Task details:
Leaving out the images, repeat all the lines below exactly.

Data below:
= = =

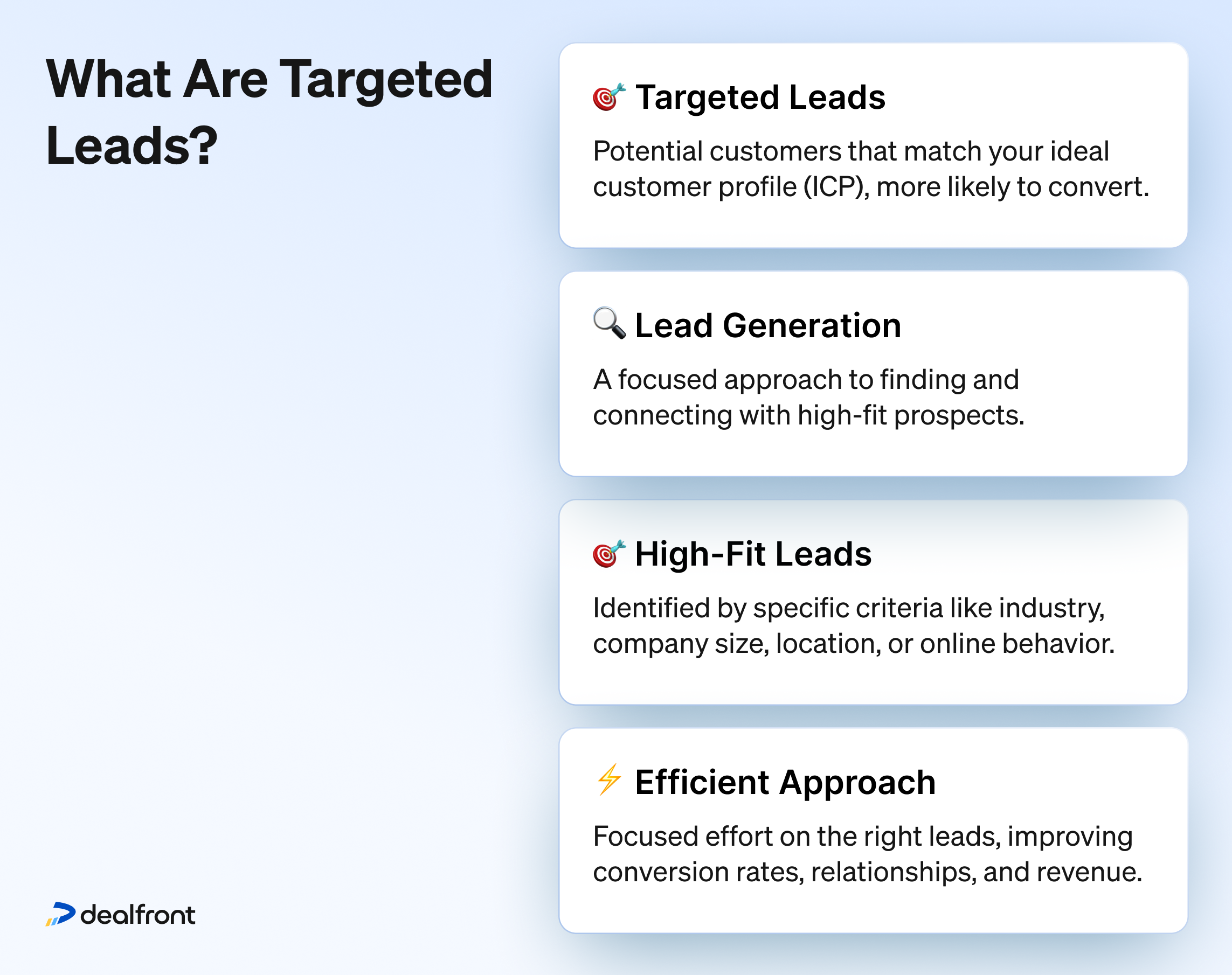Targeted leads are potential customers who closely match your ideal customer profile (ICP). These are the people or businesses most likely to need what you’re offering—and most likely to convert.
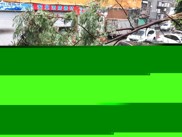 “天鸽”已给广东带来明显风雨影响。图为在龙岗区公园路6号,被风吹倒的树压到私家车上,车主正在清理树枝。
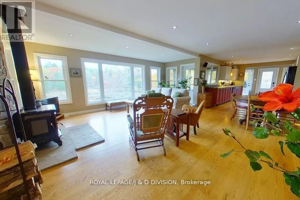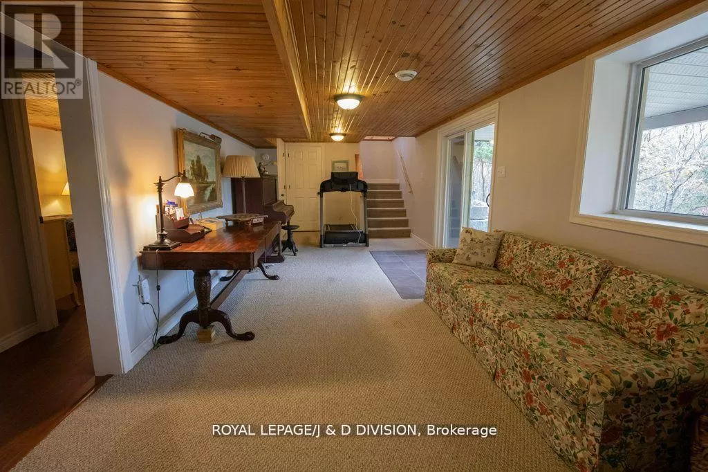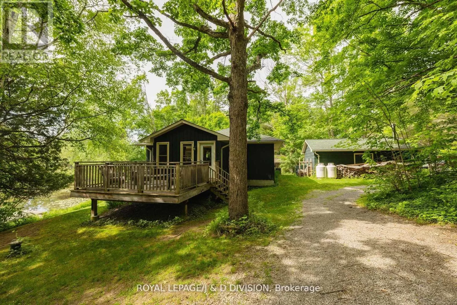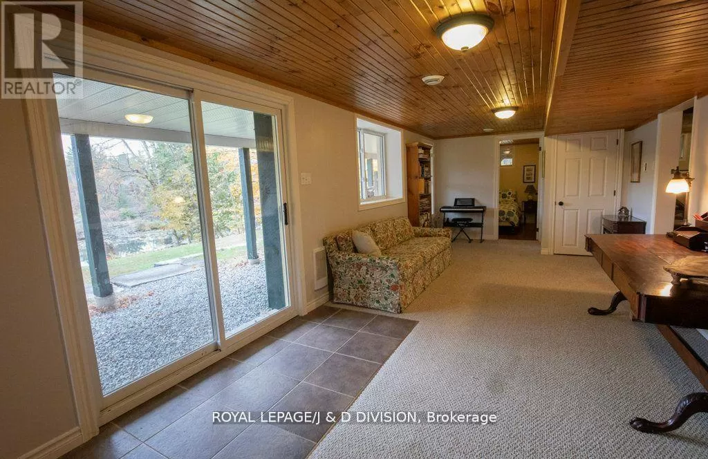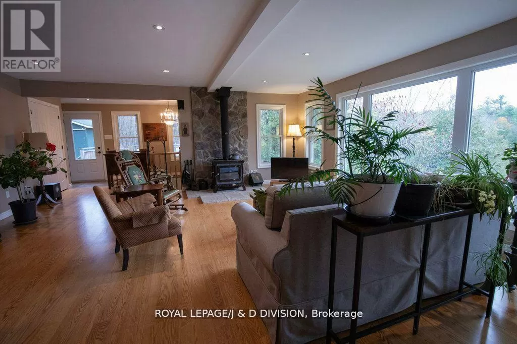 Hwy 28 & Northeys Bay Road A four-season bungalow presents a rare opportunity for year-round living or a peaceful seasonal retreat on beautiful Stony Lake. Privately nestled among mature trees, the home overlooks a serene private wildlife sanctuary and a quiet bay - offering privacy, tranquility, and a front-row seat to nature's beauty. Thoughtfully renovated in 2008 by the current owners, the home was designed for multi-generational comfort in all seasons. The open-concept great room showcases stunning lake views and opens directly to a screened-in porch and expansive decking - ideal for entertaining, dining, or simply enjoying the view. The walk-out lower level features three spacious bedrooms, creating flexible space for extended family or guests. Two outbuildings enhance the property's functionality: a large insulated and heated garage/workshop that's perfect for a hobbyist or for winter vehicle storage, and a generous shed for recreational gear and toys. Enjoy the dock, boating and swimming - and close proximity to the heart of the lake community Stony Lake Yacht Club, Carveth's Marina, and McCracken's Landing - offering easy access to local amenities, dining, and community activities on nearby Juniper Island. Surrounded by the rugged beauty of the Canadian Shield and situated along the scenic Trent-Severn Waterway, this property captures the essence of relaxed, elegant country living in a highly sought-after location. Whether you're seeking a full-time home or a seasonal escape, this property combines natural beauty, modern comfort, and charm on one of Ontario's most iconic lakes. (id:27476)

= = =

Task output:
Targeted leads are potential customers who closely match your ideal customer profile (ICP). These are the people or businesses most likely to need what you’re offering—and most likely to convert.
 “天鸽”已给广东带来明显风雨影响。图为在龙岗区公园路6号,被风吹倒的树压到私家车上,车主正在清理树枝。
 Hwy 28 & Northeys Bay Road A four-season bungalow presents a rare opportunity for year-round living or a peaceful seasonal retreat on beautiful Stony Lake. Privately nestled among mature trees, the home overlooks a serene private wildlife sanctuary and a quiet bay - offering privacy, tranquility, and a front-row seat to nature's beauty. Thoughtfully renovated in 2008 by the current owners, the home was designed for multi-generational comfort in all seasons. The open-concept great room showcases stunning lake views and opens directly to a screened-in porch and expansive decking - ideal for entertaining, dining, or simply enjoying the view. The walk-out lower level features three spacious bedrooms, creating flexible space for extended family or guests. Two outbuildings enhance the property's functionality: a large insulated and heated garage/workshop that's perfect for a hobbyist or for winter vehicle storage, and a generous shed for recreational gear and toys. Enjoy the dock, boating and swimming - and close proximity to the heart of the lake community Stony Lake Yacht Club, Carveth's Marina, and McCracken's Landing - offering easy access to local amenities, dining, and community activities on nearby Juniper Island. Surrounded by the rugged beauty of the Canadian Shield and situated along the scenic Trent-Severn Waterway, this property captures the essence of relaxed, elegant country living in a highly sought-after location. Whether you're seeking a full-time home or a seasonal escape, this property combines natural beauty, modern comfort, and charm on one of Ontario's most iconic lakes. (id:27476)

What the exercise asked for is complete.